Lisa stared, more bemused than ever; her head began to swim. She had lately come to see that clothing might be something beyond a more or less fashionable covering; that it might have other meanings. What she now but dimly and very oddly, very suddenly, saw was a meaning she could not before have suspected: what she now but dimly, oddly, and so suddenly saw was that clothing might be—so to speak—art. For these frocks, as each was named and held out briefly before her gaze by Magda, seemed each to exist in a magical envelope of self-sufficiency, or even a sort of pride; each of these frocks appeared to her however ignorant still lively intelligence to be like—it was astonishing—a poem.
“Gosh,” she said, “golly.”
Her hand reached out, gently, tentatively, and she touched the many-layered skirt of a pale evening frock.
“Are they very expensive?” she asked, her eyes large and fearful.
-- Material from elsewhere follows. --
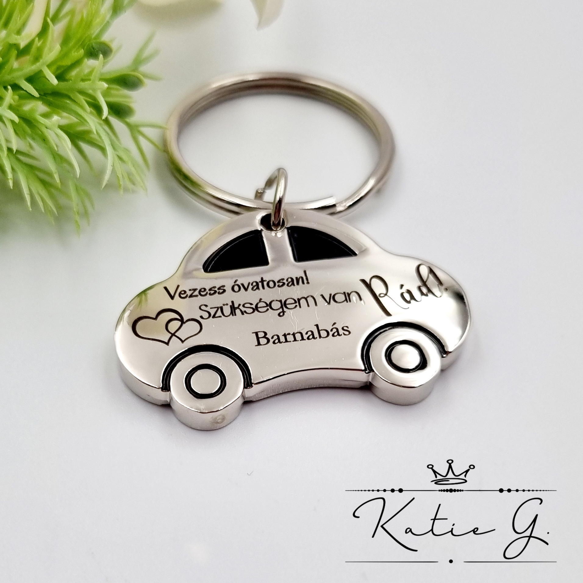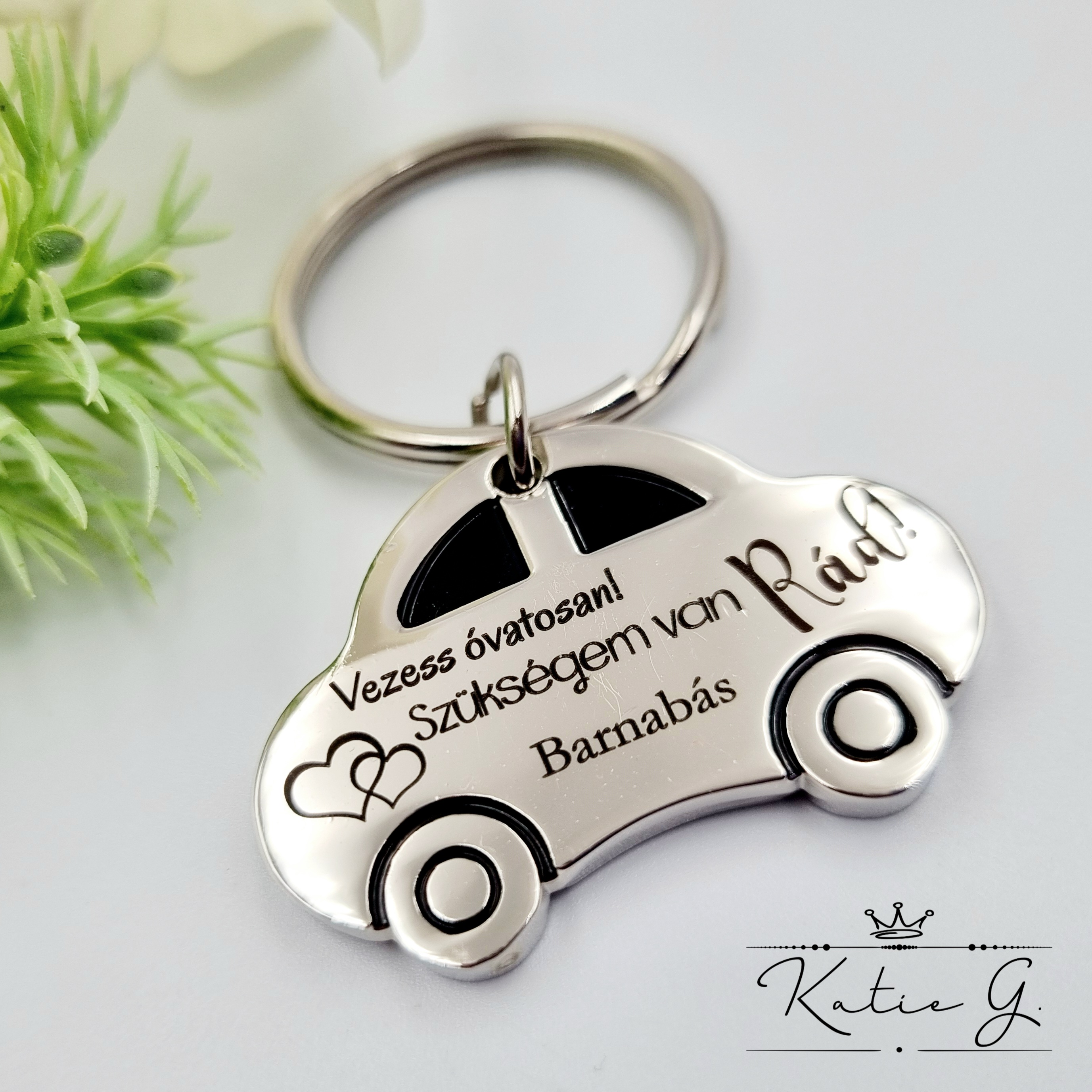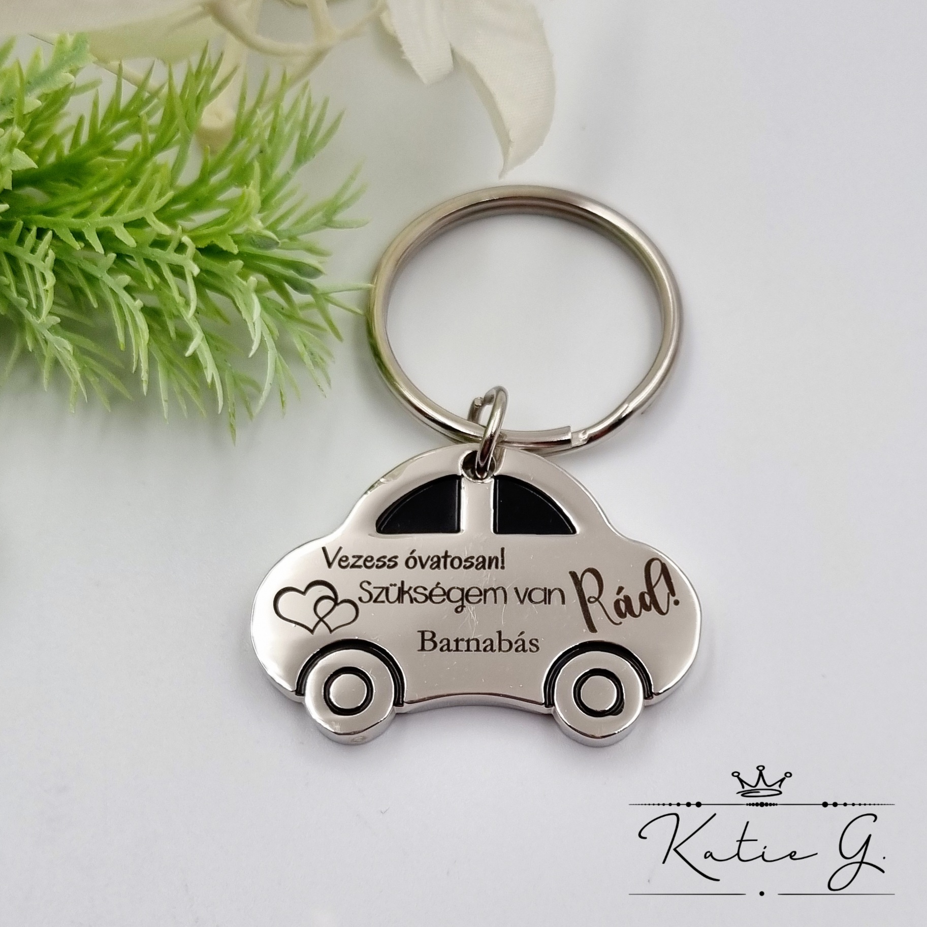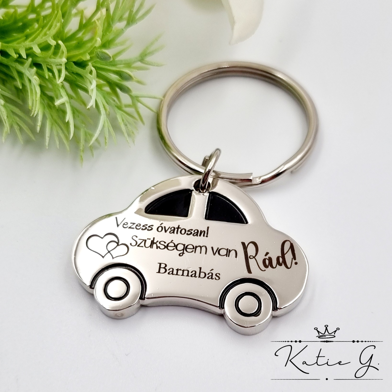 Kezdőlap » Gravírozott kulcstartók » Kisautó kulcstartó "Vezess óvatosan! Szükségem van Rád!" felirattal, egyedi névvel

“Ho!” snorted Magda. “Ha! They had better be expensive. My God! You will see my stock book very soon and then you will know. But with such a frock, the price as you may one day appreciate is part of the charm. Now I will tell you something else, one or two things, and then you had better go back to those Cocktail ladies, and later I will speak to Miss Cartright again and will suggest to her that you will come to me in the mornings, when it is not so busy here, to help me with something I am going to explain.”
And she led the way to the Louis XVI table and pulled out the drawer.
“Voilà!” she said. “Here then is my stock book. Now then. As you know, the abominable sales will begin on the second of January and I too must put my stock on sale. So it is time to review it. Now you see, here are listed every one of my frocks, their names, their wholesale and their retail prices, and you will be most kind to make out a little ticket for each one which is not sold yet—you see we make a tick in the last column here when a frock is sold—with the price on it, and when all that is done, we will go through the stock and I will decide on the sale price depending on how long the frock has been here and its condition and so on. Then you will write the sale price beneath the old price so that the ladies know they get a great great bargain. And first of all you will arrange all the frocks of each section in the same order as that in the stock book, you see, which will be more convenient, we will know where we are. And of course you will always make sure that your hands are quite quite clean before you come in here and touch these so-expensive frocks, ma petite. Okay?”
And she smiled brightly, thinking to herself that it was very nice to have a little assistant, even a thin pale little schoolgirl like Lisa, who knew nothing; in fact, it was very nice to have the charge of so ignorant a little girl, for she, Magda, could teach her everything, and suddenly now, she, Magda, realised how pleasant it was to give instruction, to fill an empty head with knowledge, drop by precious drop: cut, style, taste; Amies, Fath, Dior.